• [EXERCISE]
Transcribe every line of the material below without change, apart from dropping the pictures.

───── DATA EXCERPT ─────

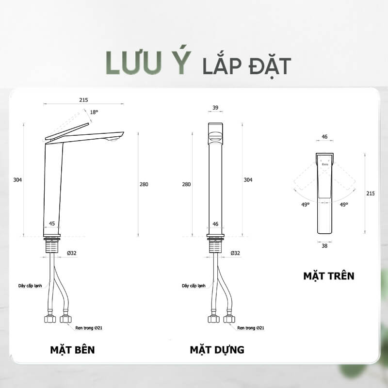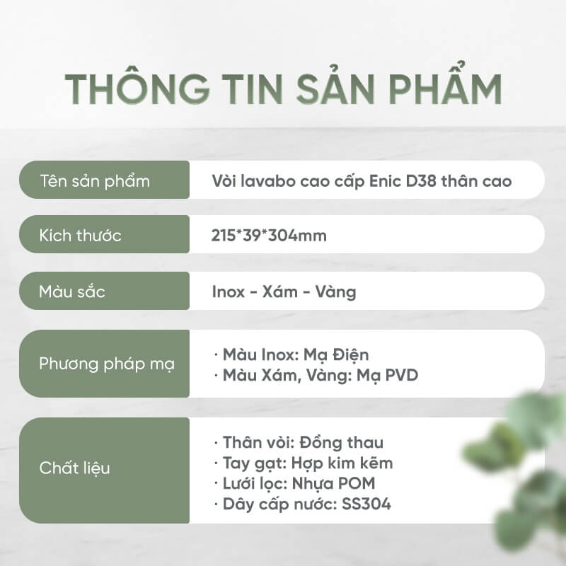 Vòi lavabo cao cấp Enic D38 – Thân cao
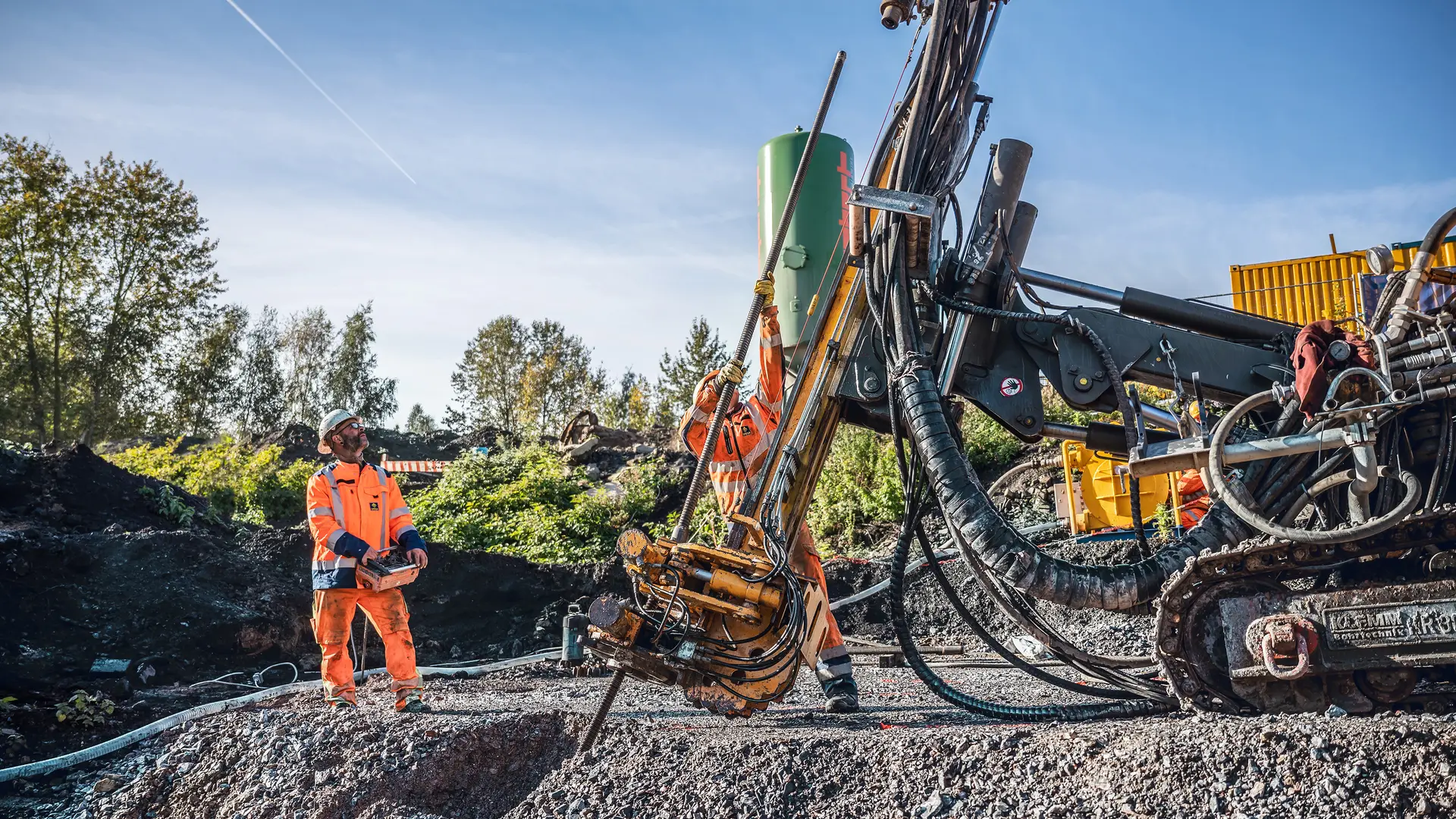 SPESA Spezialbau und Sanierung GmbH was tasked by the city of Dortmund to carry out foundation and soil improvement measures for the new building of the “Haldensprung” pedestrian and bicycle bridge. “For the foundation, we will install a total of 140 micropiles on the individual foundations of the new bridge,” explains Sebastian Otto, Project Manager at Spesa. “We will also execute 2,100 m of soil improvement using the low-pressure erosion method developed by Spesa.” One KLEMM KR 805 and one KLEMM KR 801 drilling rig are in use for the specialist foundation engineering works, as well as three employees per drilling rig. Because work is being carried out on an undeveloped site, it was also necessary to establish the full electrical and water supply. “We also constructed a temporary scaffolding overpass for pedestrians over the adjacent tracks,” continues Sebastian Otto. The work started in May 2024 and is expected to be completed by February 2025. This will lay the foundation for Dortmund’s garden of the future, which is sure to inspire visitors in 2027.
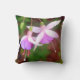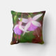 Hermosa, elegante y delicada fotografía de flores de fucsia de nuestro jardín. Los colores violeta, rosa y blanco se combinan en un suave fondo mudo de verdes. El diseño está en la parte delantera y trasera de este cojín. Magnífico, romántico y hermoso para cualquiera que ame las flores.
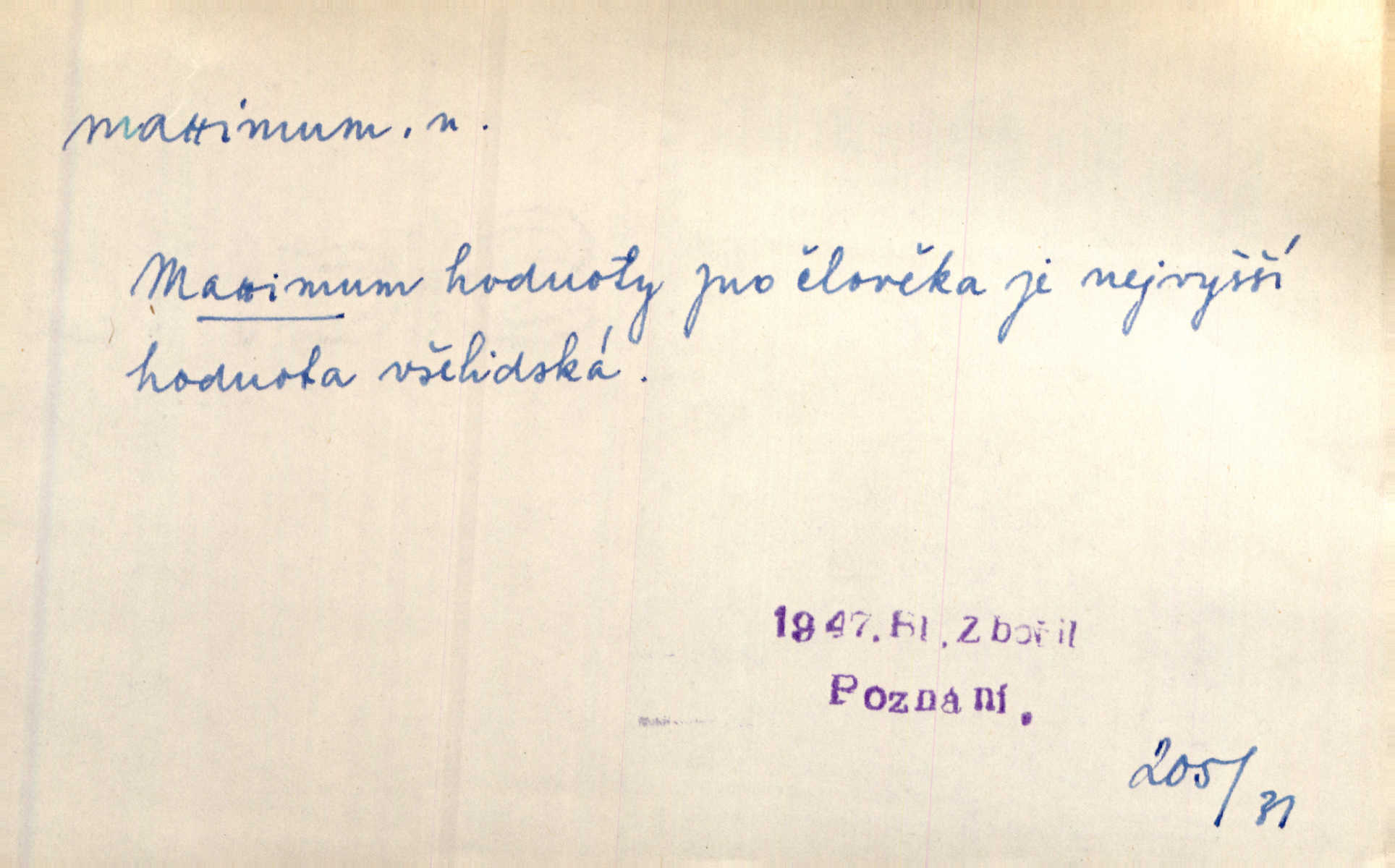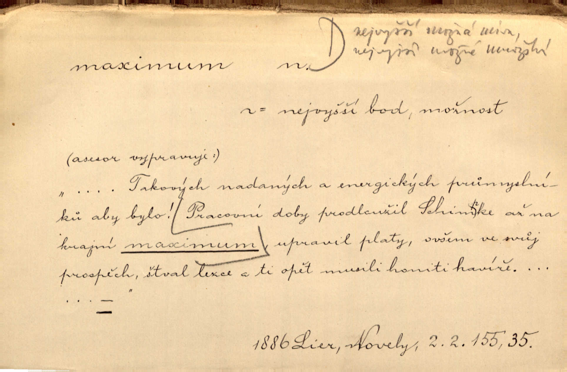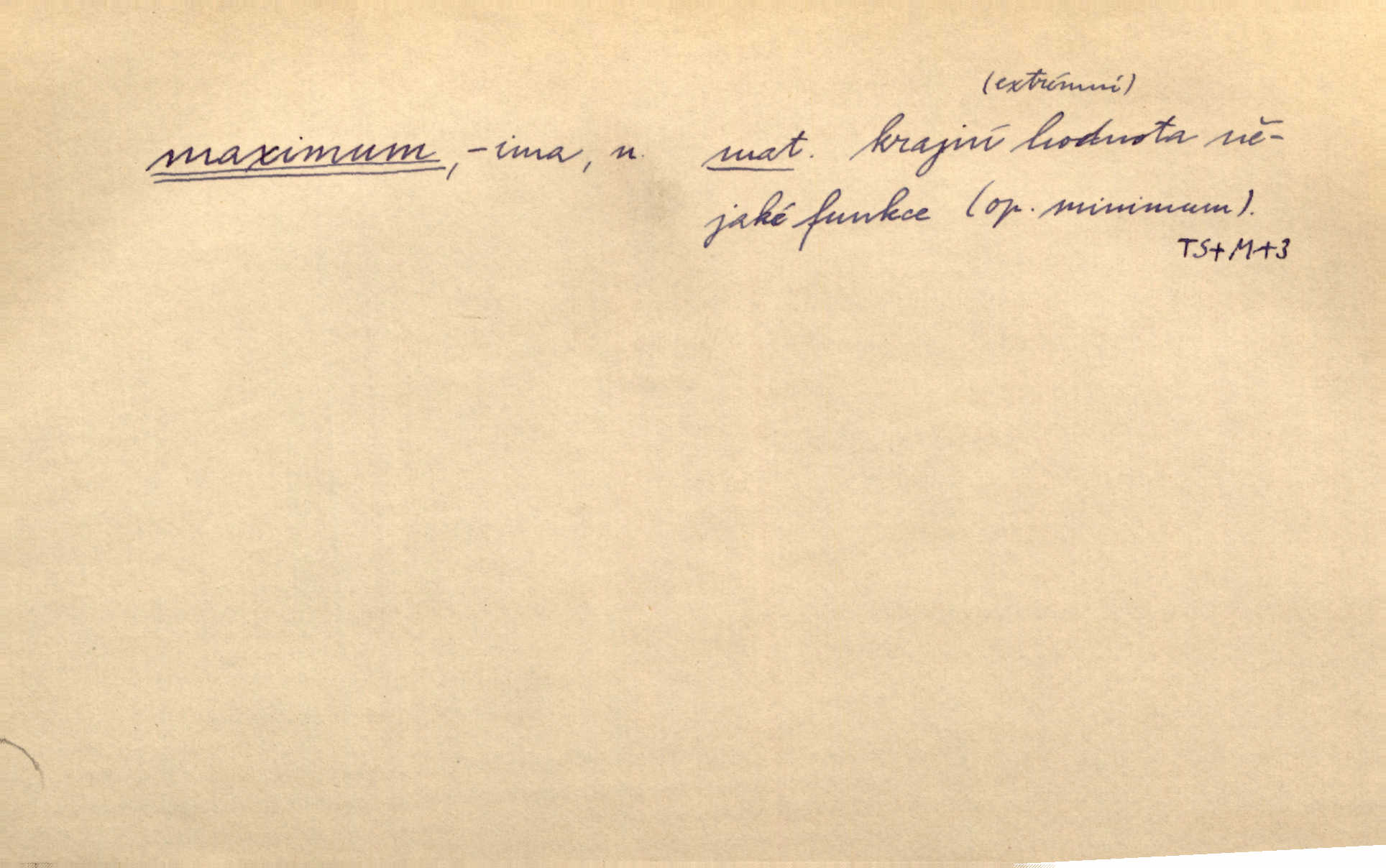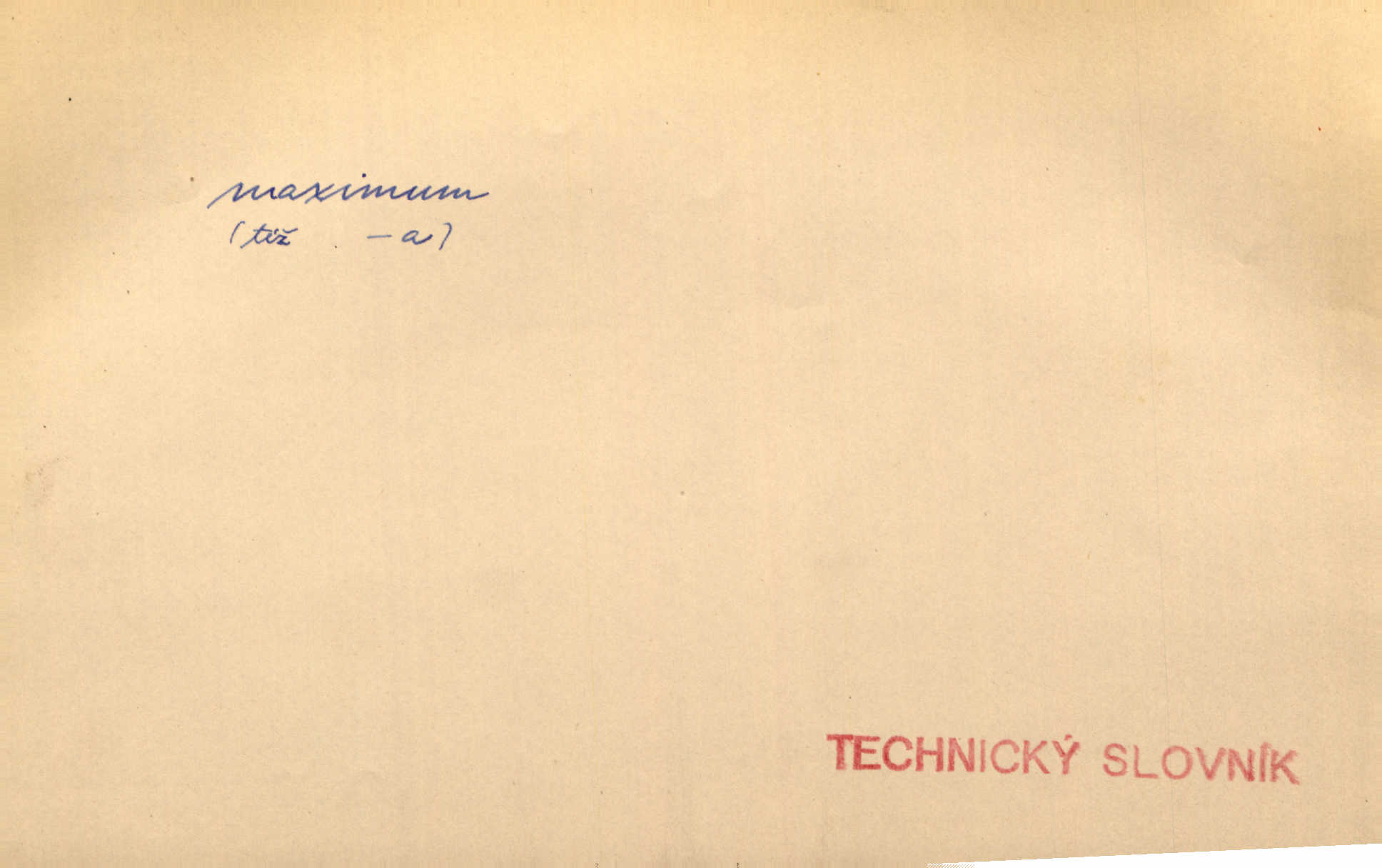 - maximum, -ima n. nejvyšší možná míra, největší možné množství (op. minimum). Pracovní doby prodloužil až na krajní maximum. Lier. Mládí nese v sobě maximum tragiky. Mah. Jeho [konstruktéra] činnost vedena jest touto jedinou myšlénkou: minimem síly přírodní dosáhnout maxima effektu. Naše d. Mat. krajní (extrémní) hodnota funkce (op. minimum). Meteor. nejvyšší hodnota meteorologického činitele, zvl. oblast poměrně nejvyššího tlaku (op. minimum).

─────

• [ANSWER FOR THIS EXERCISE]
 Vòi lavabo cao cấp Enic D38 – Thân cao
 SPESA Spezialbau und Sanierung GmbH was tasked by the city of Dortmund to carry out foundation and soil improvement measures for the new building of the “Haldensprung” pedestrian and bicycle bridge. “For the foundation, we will install a total of 140 micropiles on the individual foundations of the new bridge,” explains Sebastian Otto, Project Manager at Spesa. “We will also execute 2,100 m of soil improvement using the low-pressure erosion method developed by Spesa.” One KLEMM KR 805 and one KLEMM KR 801 drilling rig are in use for the specialist foundation engineering works, as well as three employees per drilling rig. Because work is being carried out on an undeveloped site, it was also necessary to establish the full electrical and water supply. “We also constructed a temporary scaffolding overpass for pedestrians over the adjacent tracks,” continues Sebastian Otto. The work started in May 2024 and is expected to be completed by February 2025. This will lay the foundation for Dortmund’s garden of the future, which is sure to inspire visitors in 2027.
 Hermosa, elegante y delicada fotografía de flores de fucsia de nuestro jardín. Los colores violeta, rosa y blanco se combinan en un suave fondo mudo de verdes. El diseño está en la parte delantera y trasera de este cojín. Magnífico, romántico y hermoso para cualquiera que ame las flores.
 - maximum, -ima n. nejvyšší možná míra, největší možné množství (op. minimum). Pracovní doby prodloužil až na krajní maximum. Lier. Mládí nese v sobě maximum tragiky. Mah. Jeho [konstruktéra] činnost vedena jest touto jedinou myšlénkou: minimem síly přírodní dosáhnout maxima effektu. Naše d. Mat. krajní (extrémní) hodnota funkce (op. minimum). Meteor. nejvyšší hodnota meteorologického činitele, zvl. oblast poměrně nejvyššího tlaku (op. minimum).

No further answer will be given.